Dietary recommendations for heart health have been a low-fat-high-carbohydrate diet in an attempt to control weight and to reduce heart disease. Atkins was the first to promote the low-carb diet for weight loss. This study reassures some of the safety of eating a low-carb. You should always check with your doctor for when changing your diet or exercise as it could be hazardous to change your eating habits.

Vegetable sources of fat and protein showed benefits for lowering a person’s risk for developing CHD. South Beach has developed a program for vegetarians that are low-carb.

The researchers collected the data from a 20 year Nurses’ Health Study, which studied 82,802 women. This study began in 1976. The study participants were graded on how they ate. They were categorized based on fat, protein, carbohydrate intake. The score of a 0 was the lowest fat and protein and highest carbohydrate intake up to a 30 which was the highest fat and protein with the lowest carbohydrate intake. The higher the score the more the person was considered a low-carb person.

The researchers further divided the low-carb scores based on the amount of animal sources for protein and fat compared to vegetable sources for protein and fat. These percentages were to help differentiate the dietary sources of meat verses vegetarian food source for the nutrition. While the researchers found no extra risk associated with meat eating low-carb participants, they did see a benefit for those that got most of their protein and fat from vegetable sources. The found a 30 percent decreased risk for developing CHD if the participants got most of their protein and fat from vegetable sources.

The also found that if participants had other health conditions such as diabetes, hypercholesterolemia they did not pose any greater risk than the general population.

The researchers found that high glycemic load which is caused by eating refined carbohydrates or a high-carb diet was strongly associated with an increased risk for CHD. Eating lower glycemic index foods, such as whole grains, along with unprocessed foods would help lower your risk.
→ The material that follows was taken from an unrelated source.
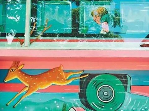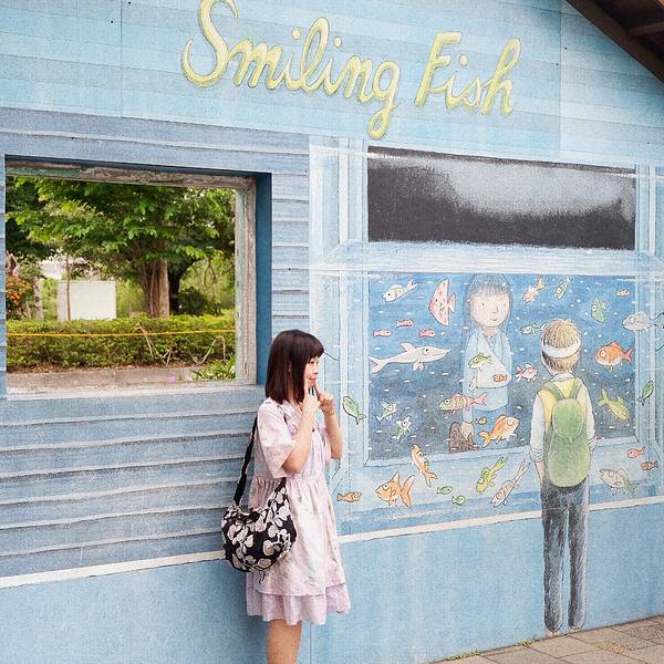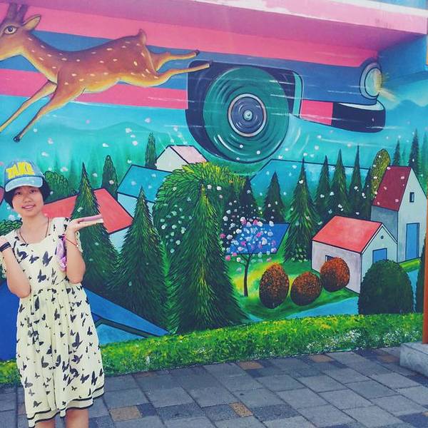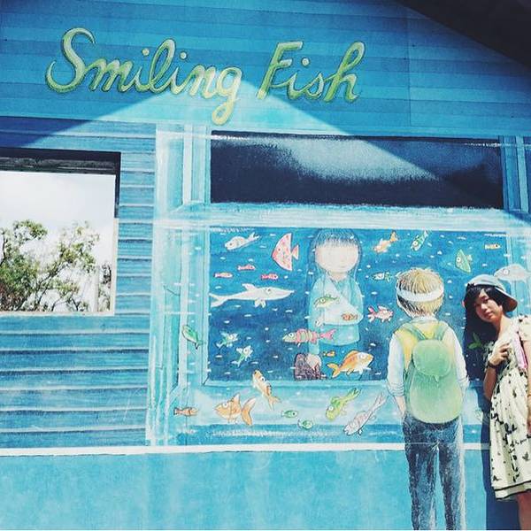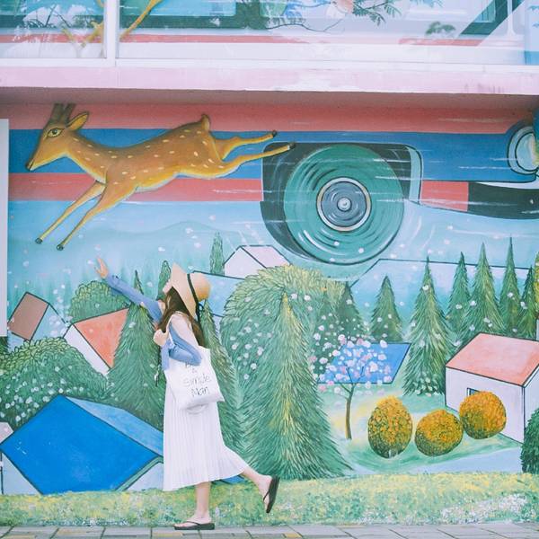 星空里的飞天公车、散落各地的行李箱、飞翔的鹿儿、微笑房子、向左走先生,向右走小姐,组合起来重现了好几个经典的绘本场景。牌子上刻着各种经典又治愈的对白:“不知道为什么,我总会在这里那里遇见他“、“人生总有许多巧合,两条平行线也可能会有交会的一天”、“秘密花开了”……老树绿荫《微笑的魚》彩绘墙↓ 天空中有麋鹿漫步,地上有就散落各角落的旅行箱。 展开

High glycemic foods also cause a spike in insulin which can help to promote the development of diabetes.

The researchers warn that this does not give a person permission to eat all the meat they want without considering of neglecting getting nutrition from vegetables. They suggest since the vegetable sources of fat and protein offer the most benefits, it would be best to work on quality of foods not quantity. Trying to reduce the amount of refined carbohydrates you eat, and work on eating healthy types of fat and carbohydrates would be a better goal.